Member of the Oregon House of Representatives from the 12th district
- In office 1957–1977
- Succeeded by: Rod Monroe
- In office 1948–1950

Personal details
- Born: Grace M. Olivier January 15, 1898 Portland, Oregon, US
- Died: November 28, 1979 (aged 81) Portland, Oregon, US
- Party: Democratic
- Spouse(s): Vernon Williams ​ ​(m. 1927, divorced)​ Raymond Peck ​ ​(m. 1936, divorced)​
- Profession: Secretary; stenographer; union steward;

= Grace Olivier Peck =

American politician (1898–1979)

Grace Olivier Peck (January 15, 1898 – November 28, 1979) was an American politician who was a member of the Oregon House of Representatives.

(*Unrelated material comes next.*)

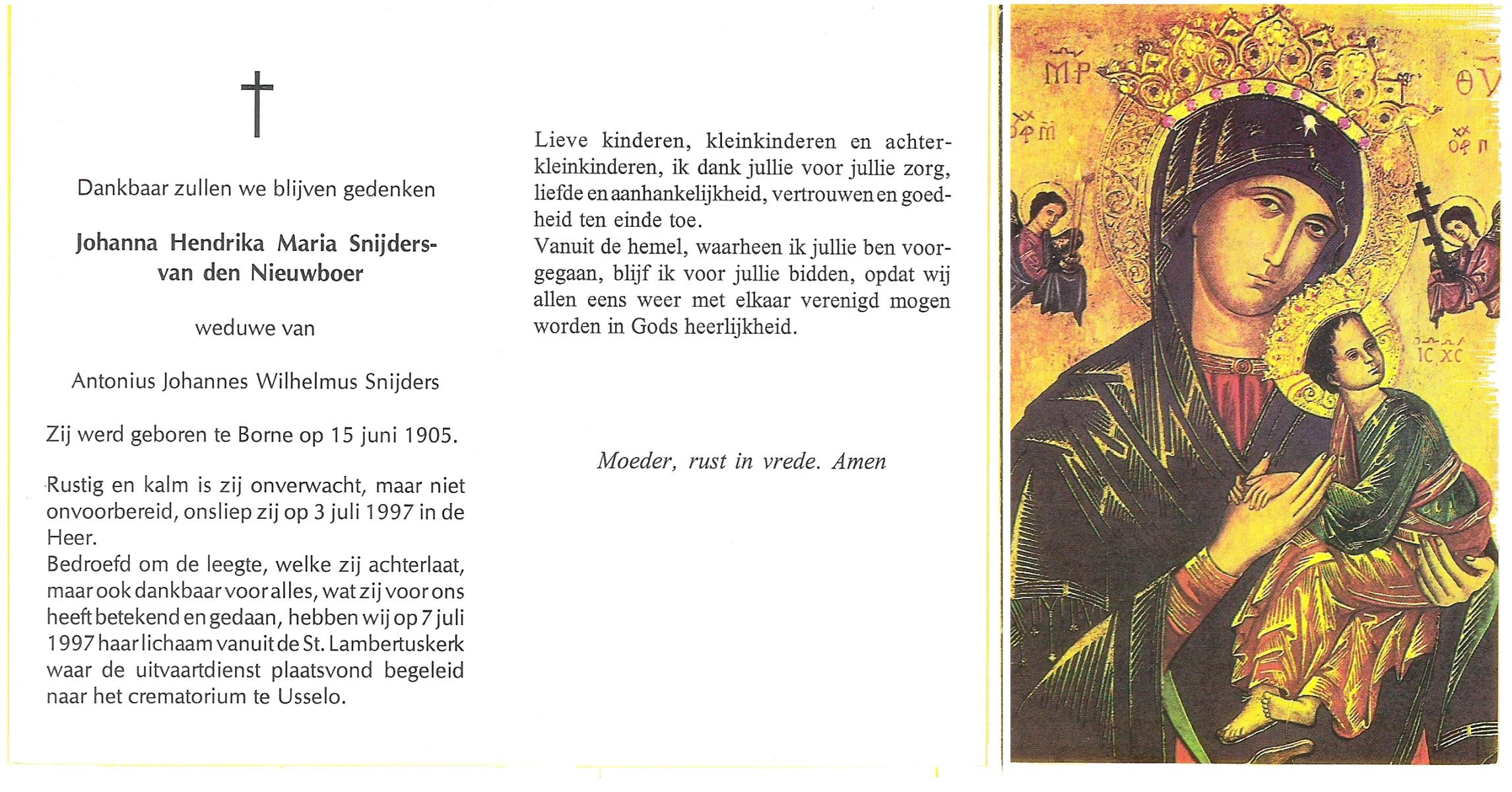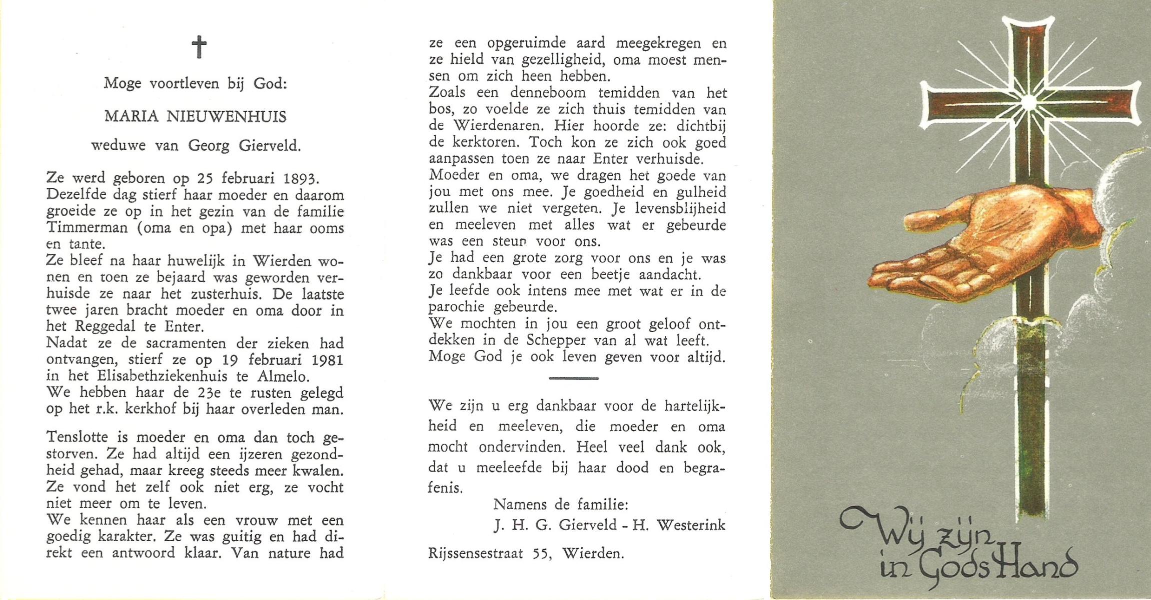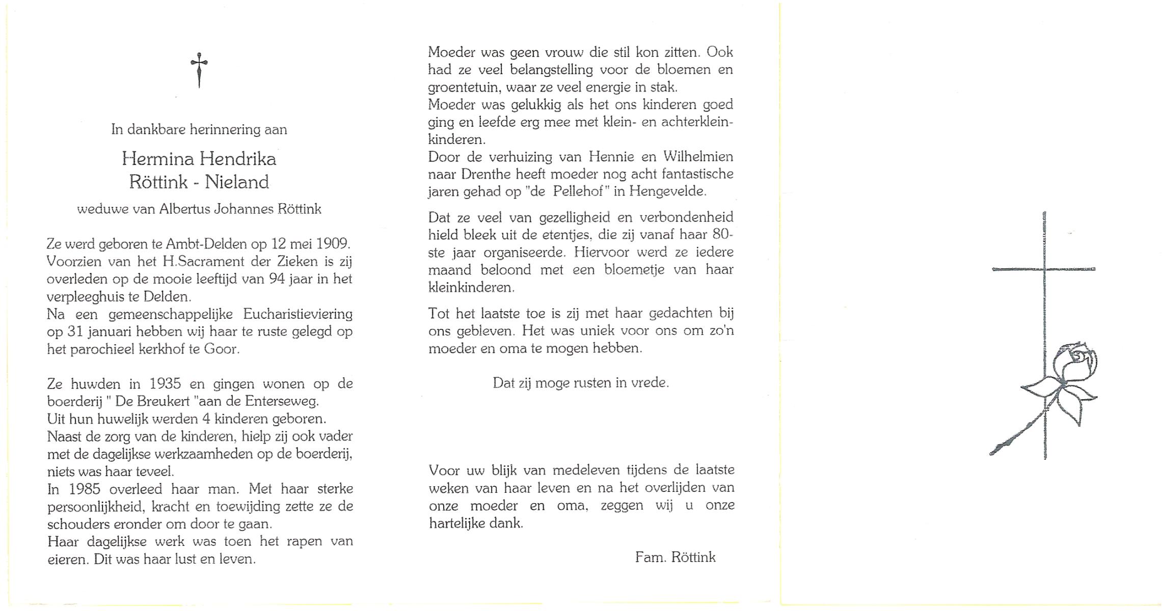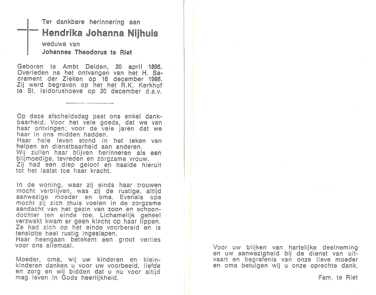 NAHUIS, Henrica Maria, geboren op 13-11-1906 te Hellendoorn, Haarle, overleden op 21-2-1996 te Hellendoorn op 89-jarige leeftijd, begraven op 26-2-1996 te Hellendoorn.

Peck was born in Portland in 1898, the daughter of Jules Olivier, a river steamboat pilot who was originally from Belgium. After her parents divorced when she was young, she was raised and attended primary schooling in Portland. After graduating from Behnke-Walker Business College in Portland, she worked as a legal stenographer, secretary, union steward and shipyard timekeeper. She was first elected to the Oregon House of Representatives in 1948, serving a single term until 1950. She was re-elected in 1957 and served until her defeat in a primary election by Rod Monroe in 1976, who highlighted her age in his campaign. During her time in the office, she was a notable advocate for improved prison conditions, the poor, and for people with disabilities.

She was married twice, first to Vernon Williams, divorcing in 1930. In 1936, she married Raymond Peck, but they also divorced in the 1940s. She was a member of the Catholic Daughters of America and Ladies of the Grand Army of the Republic. Peck died at a hospital in Portland on November 28, 1979, from a stroke; she also had a stroke two years prior that incapacitated her.